First, with the goal of executing the semantic auxiliary structure task by the semantic auxiliary structure module (i.e. module 2.1 in fig. 3), the embodiment considers that the semantic tags can be expressed as a priori knowledge of the structure inference. For a certain point or voxel in space, the geometrical information it contains at different spatial positions has a high variability. Often points in the same object are more homogenous, i.e. points inside the same object are likely to belong to the same semantic category as their surroundings. Meanwhile, points at the curved surface, the edge and the vertex have richer geometric information than points inside the object, and most of the points have different semantic labels with the surrounding environment. Therefore, the geometric properties of each point in the space can be deduced according to the semantic information of the point and the semantic labels of the surrounding points, and the geometric structure of the scene object is completed. Secondly, semantic information also contains higher-order geometric prior knowledge, and categories such as indoor wall surfaces, floors, ceilings, doors and windows necessarily contain a large number of plane and straight-line elements. In the embodiment, the superpixel segmentation algorithm and the traditional line extraction algorithm LSD can be used for carrying out plane and line segmentation preliminarily, and abundant plane and line information in the space can be obtained, so that local and global geometric constraints such as line or plane constraints can be established for a scene completion task according to the semantic information, and a more robust and smoother geometric structure can be completed.
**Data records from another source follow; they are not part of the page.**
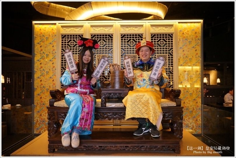 ▼吃飽喝足後,我們就來換裝拍照啦!我們扮演的是皇上與格格,一旁還有提供超多搞笑的牌子可以一起入鏡,有趣又好玩!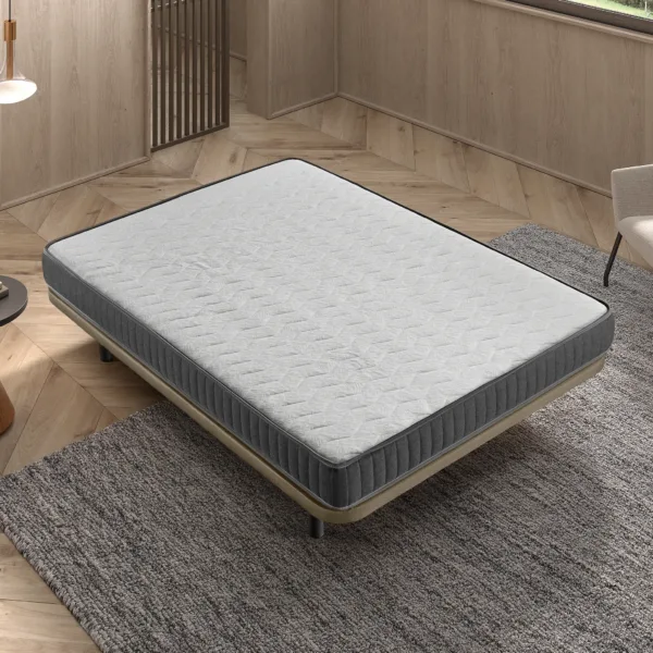 El colchón Eco 18 es una opción práctica, diseñado con un núcleo de HR de 20k que ofrece un soporte adecuado para un uso funcional y versátil. Su diseño reversible permite utilizar ambas caras, lo que ayuda a prolongar su vida útil. Este modelo se entrega enrollado, facilitando su transporte y almacenamiento.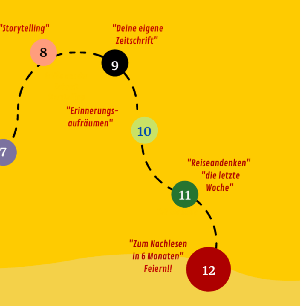 Die Reise beginnt hier: mit einem Blick in die Zukunft und mit einem Spüren, was dieses Vorhaben bieten kann. Wer jetzt schon sicher weiß, was sie/er genau will – also „zielstrebig“ ins Tun übergeht, darf sich ruhig noch ein paar mehr Gedanken machen: Über die eigenen Kräfte im „Gesundheitscheck“, über was passieren soll, wen sie/er mitnehmen möchte … um dann auch wirklich zu starten.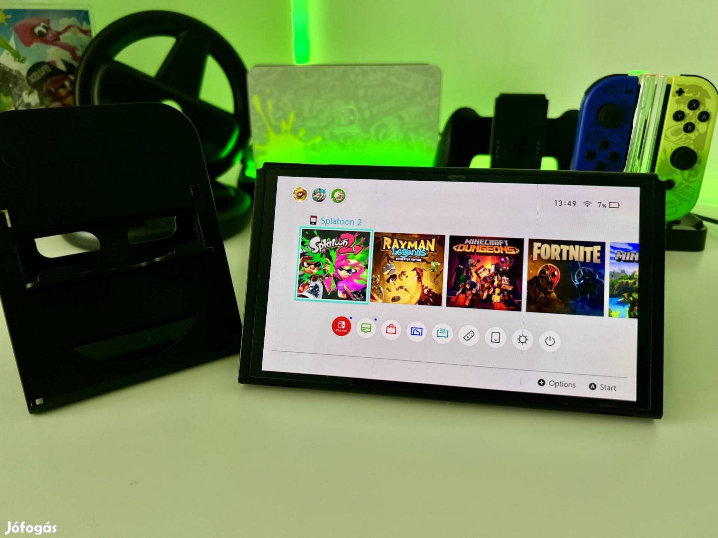 Eladó Nintendo Switch OLED Splatoon 3 Edition konzol, hibátlan működéssel. A készüléken a kezdetektől fogva kijelzővédő fólia van, amely jelenleg is rajta van. A csomag tartalmazza a komplett gyári tartozékokat (dock, töltő, HDMI kábel, Joy-Con kontrollerek és grip), valamint több kiegészítőt is: ajándék Splatoon 2 játék, Orzly Joy-Con töltőállomás, egy pár Orzly Nintendo kormány és egy Venom LED világítós állvány, továbbá egy 256 GB microsd kártya is jár hozzá. A készülék szép állapotú, azonnal használható.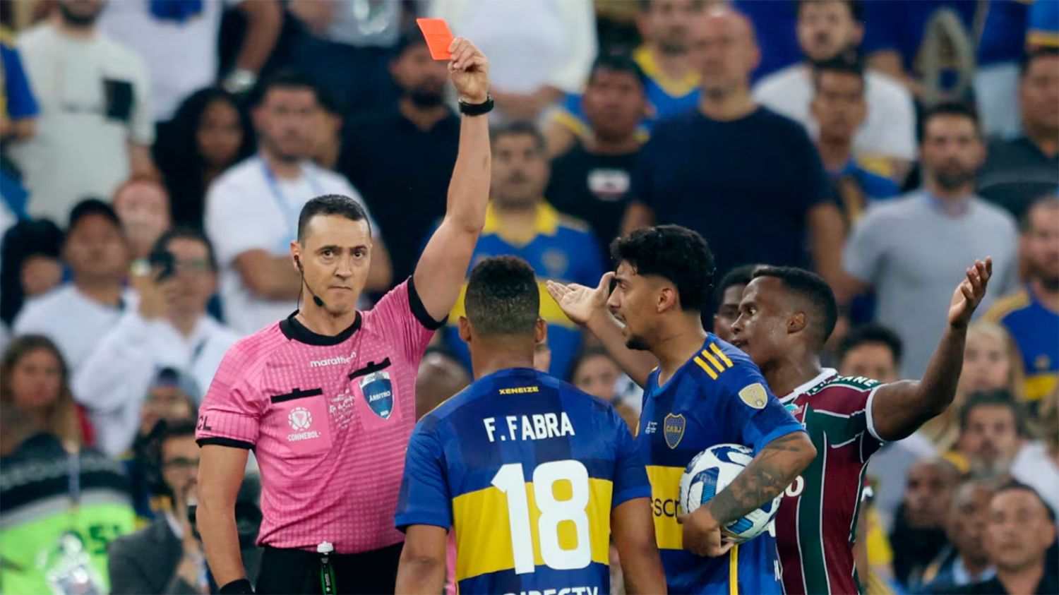 “Yo veo que el jugador de Fluminense se mete con mi compañero y yo meto la mano y desafortunadamente lo rozo, no lo toco”, explicó Fabra sobre la jugada que derivó en su tarjeta roja.

The specific plane and line constraints are shown in fig. 9. For the extracted planes, 4 pixel points (a; B; C; D) can be randomly selected and projected to the 3D to get four points (A; B; C; D) in space according to their depth values. According to the basic knowledge of the geometry, the method can be known,

and

should be perpendicular to the plane Δ ABC. If D and Δ ABC are coplanar, then

And

should be 0, i.e. the dot product of

Network learning can be supervised as an error term. Its loss function can be defined as:

wherein L is_PCRepresents the Plane Consistency constraint (Plane Consistency), N_PRepresents the number of combinations of four points extracted from the plane,

the vectors between points A, B in the ith group of points,

the vectors between points A, C in the ith group of points,

is the vector between points A, D in the ith group of points.
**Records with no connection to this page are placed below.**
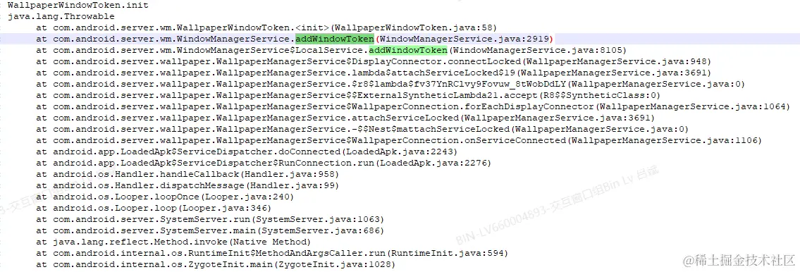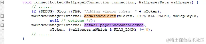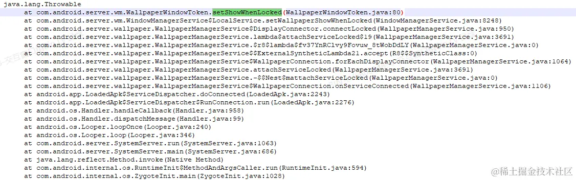 另外根据我本地的测试,当同时设置系统壁纸和锁屏壁纸时,WallpaperWindowToken.setShowWhenLocked这个方法会被调用,设置WallpaperWindowToken.mShowWhenLocked为true,调用堆栈为:
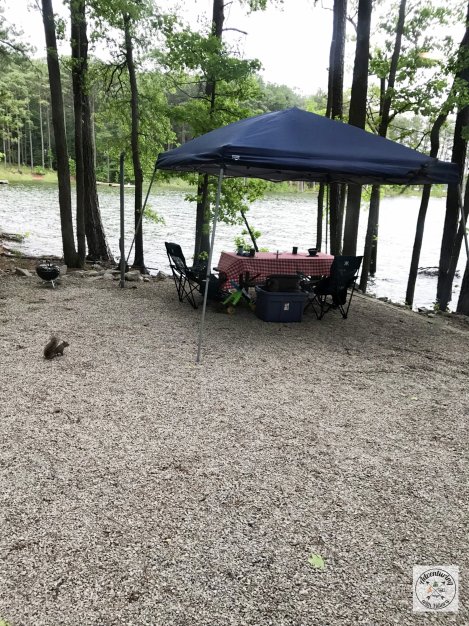 For our third trip, I decided to try out a different park. I found a lake-front campsite in the Kimball Point area of Kerr Lake State Park and booked it. The weather leading up to the weekend was bad. We came close to cancelling our trip several times. If there had been a way for me to cancel online, I would have. But procrastination and dreaded boredom at home got the better of us and we decided to tough it out in a weekend full of rainy, stormy weather.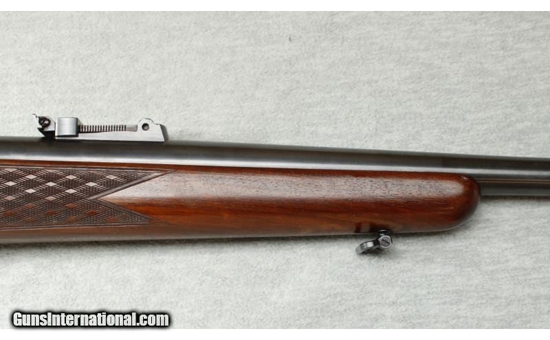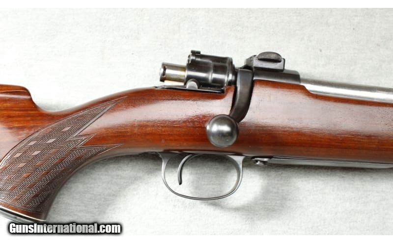 Description: J.G. Landmann Custom Mauser chambered in .458 Winchester. This rifle features a heavy 21-inch barrel and a beautiful oiled walnut stock. This action and barrel are blued. It has an adjustable sight adjustable out to 300 meters. It also has scope bases dovetailed into the receiver. It also has a rubber pad and a muzzle brake to handle the recoil of the powerful cartridge. The rifle is in very good condition with the stock having only a few very minor handling dings/handling marks. The .458 Winchester Magnum was introduced commercially in 1956 by Winchester and remains one of the most popular large game cartridges. .458 Winchester Magnum SOLD Metal Condition: Excellent Wood Condition: Excellent with minor handling marks Bore Condition: Bright bore with slight frost and strong rifling Barrels: 21 Barrel Triggers: Factory Stock Dimensions: LOP 14 inches Fore End: Checkered walnut Butt Pad: Rubber pad Sights: Sight adjustable out to 300 meters. It also has scope bases dovetailed into the receiver. Item Location: La Vista, NE |

According to the embodiment, the outer points can be removed through plane constraint, so that the scene structure obtained through completion is more consistent.

Wherein L is_PCRepresents the Plane Consistency constraint (Plane Consistency), N_PTo represent

Since a Line segment is another ubiquitous element in an artificial environment, and a Line segment in a two-dimensional image always corresponds to a straight Line in a three-dimensional space, the present embodiment will also establish a straight Line Consistency constraint (Line Consistency). When constructing a straight line consistency loss, the strategy of planar consistency loss may still be followed. That is, the embodiment can randomly extract 3 pixels from the extracted line segment, i.e., (e; f; g). Their corresponding three-dimensional points E, F and G should be constrained to be on the same line, and

and

the cross product of (d) should be a zero vector. Therefore, the temperature of the molten metal is controlled,

the learning of the scene completion task can be supervised as an error item. This embodiment can select N from a straight line_lGroup data to construct a loss function L_lcIt is defined as follows:

in the formula (I), the compound is shown in the specification,

the vectors between points E, F in the ith group of points,

is the vector between points E, G in the ith group of points.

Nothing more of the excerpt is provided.